Colbert’s hilarious smackdown of O’Reilly (video below) must have gotten to Papa Bear. On last night’s episode, O’Reilly devoted his opening Talking Points Memo to lambasting Colbert in the harshest terms. He called Colbert “a deceiver” and an “ideological fanatic” who is “misguided in the extreme.” But O’Reilly wasn’t done yet. He continued saying that…
“Colbert can be dismissed as clueless, but the guy does do damage because he gives cover to the powerful people who are selling Americans a big lie, that this country is bad, that it intentionally oppresses many of its own citizens. That is a lie. That point of view is shameful.”

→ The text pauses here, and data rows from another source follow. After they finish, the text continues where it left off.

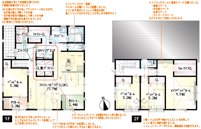 • ・1階に5.3帖のベッドルーム
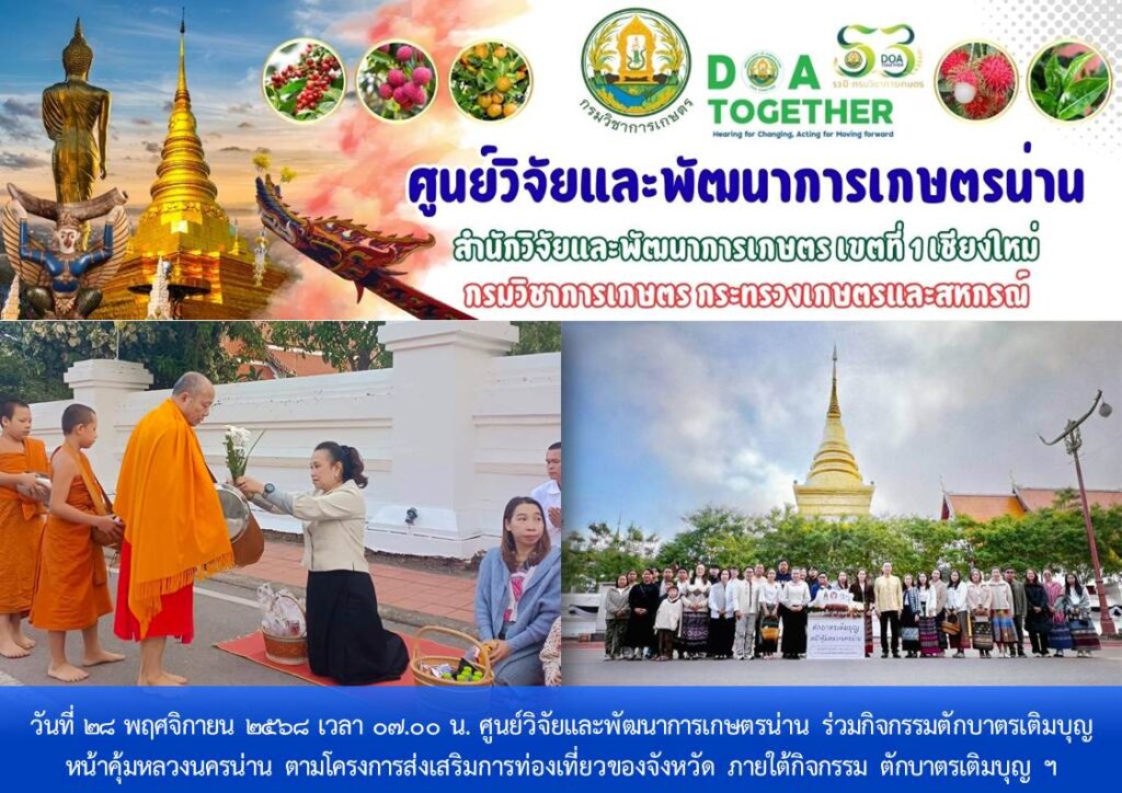 วันที่ 28 พฤศจิกายน 2568 เวลา 07.00 น. ศูนย์วิจัยและพัฒนาการเกษตรน่าน ร่วมกิจกรรมตักบาตรเติมบุญ หน้าคุ้มหลวงนครน่าน ตามโครงการส่งเสริมการท่องเที่ยว ของจังหวัด ภายใต้กิจกรรม ตักบาตรเติมบุญ หน้าคุ้มหลวงนครน่าน และส่งเสริมให้เกิด การท่องเที่ยวในพื้นที่เมืองเก่าน่านที่จะขับเคลื่อนเมืองเก่าน่าน สู่เมืองมรดกโลก โดยมี นางวิไลวรรณ บุดาสา รองผู้ว่าราชการจังหวัดน่าน หน่วยงานในสังกัดกระทรวงเกษตรและสหกรณ์ นักท่องเที่ยว และพุทธศาสนิกชนชาวน่าน ร่วมกิจกรรม ณ บริเวณถนนหน้าพิพิธภัณฑสถานแห่งชาติน่าน
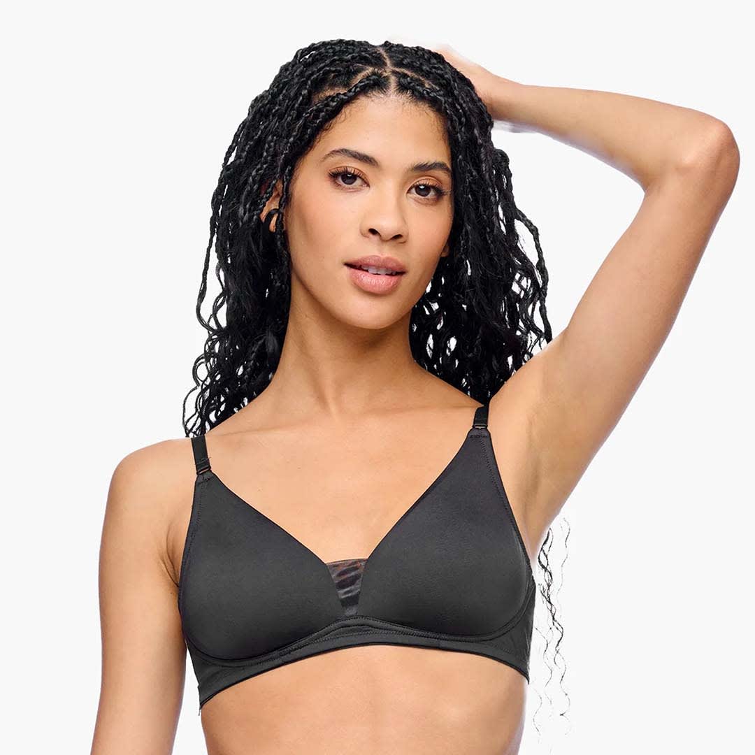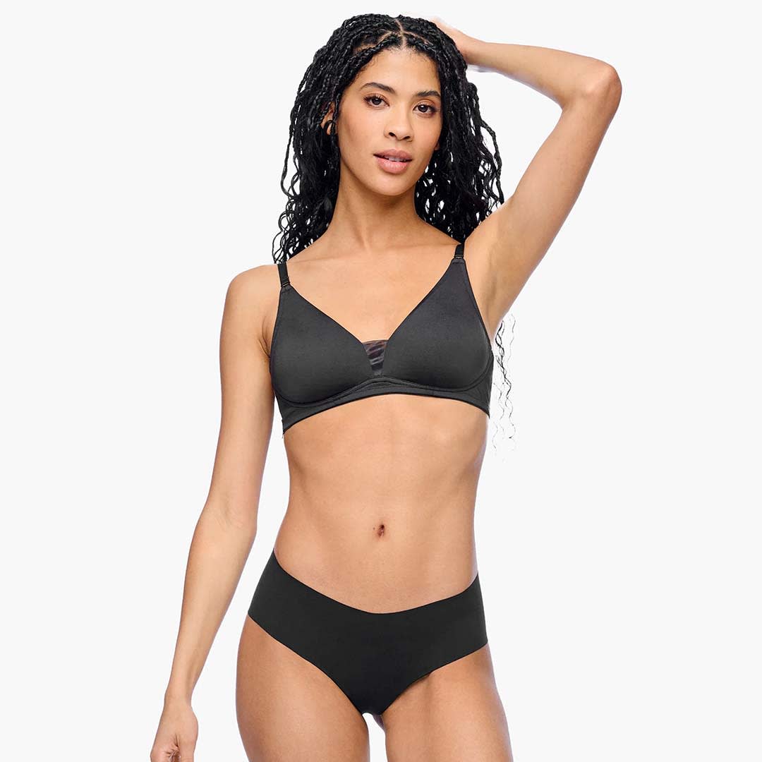 A sleek bralette designed in ultra-soft microfiber for a smooth, second-skin feel. The Evolution Bralette features a U-shaped ballet back that offers light support with all-day comfort, while a delicate sheer panel at the centre front provides subtle coverage between the cups. Finished with adjustable straps and a hook-and-eye back closure. Hand wash in cold water; lay flat to dry.
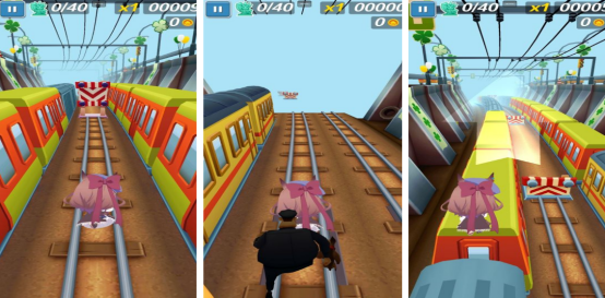 以经典的跑酷玩法为核心,呈现出来的地图场景极其丰富,比如有地铁轨道以及城市道路等等,虽然操作的玩法特别简单,但是却比较考验玩家的反应能力。因为在奔跑的过程当中总是会呈现出大量的障碍物以及大量的金币,您需要及时躲避障碍物,收集大量金币才能提升个人等级,解锁更多炫酷道具,让自己快速加速。

Of course, Colbert never said or implied that the country is bad. But he and millions of other Americans recognize that it is flawed with respect to the over-weighting of influence by upper-crusty plutocrats. Recent decisions by the right-wing dominated Supreme Court that give ever-more power to the rich are evidence of the wealth-centric bias that keeps average citizens from having an equal say in public affairs. When money equals speech, the rich get more of it, and the poor can only buy silence. That’s a position that fits squarely with O’Reilly’s world view. Last year he actually lamented the fate of the rich as the ones who were really oppressed.
O’Reilly also sought to school Colbert on the philosophy of Dr. Martin Luther King, Jr. saying that “Maybe Colbert should understand that Dr. King gave his life for equality of opportunity.” But that is a stupendously false and ignorant misreading of King’s message. King gave his life in the fight for actual equality and freedom from oppression, not the “opportunity” of it. And the fight continues to this day with people like O’Reilly who defend a status quo that favors rich folks like himself.
One thing that O’Reilly got right is that “Each human being is born with abilities, but they are not equal abilities.” And clearly O’Reilly doesn’t have the intellectual or comedic ability to go toe-to-toe with Colbert.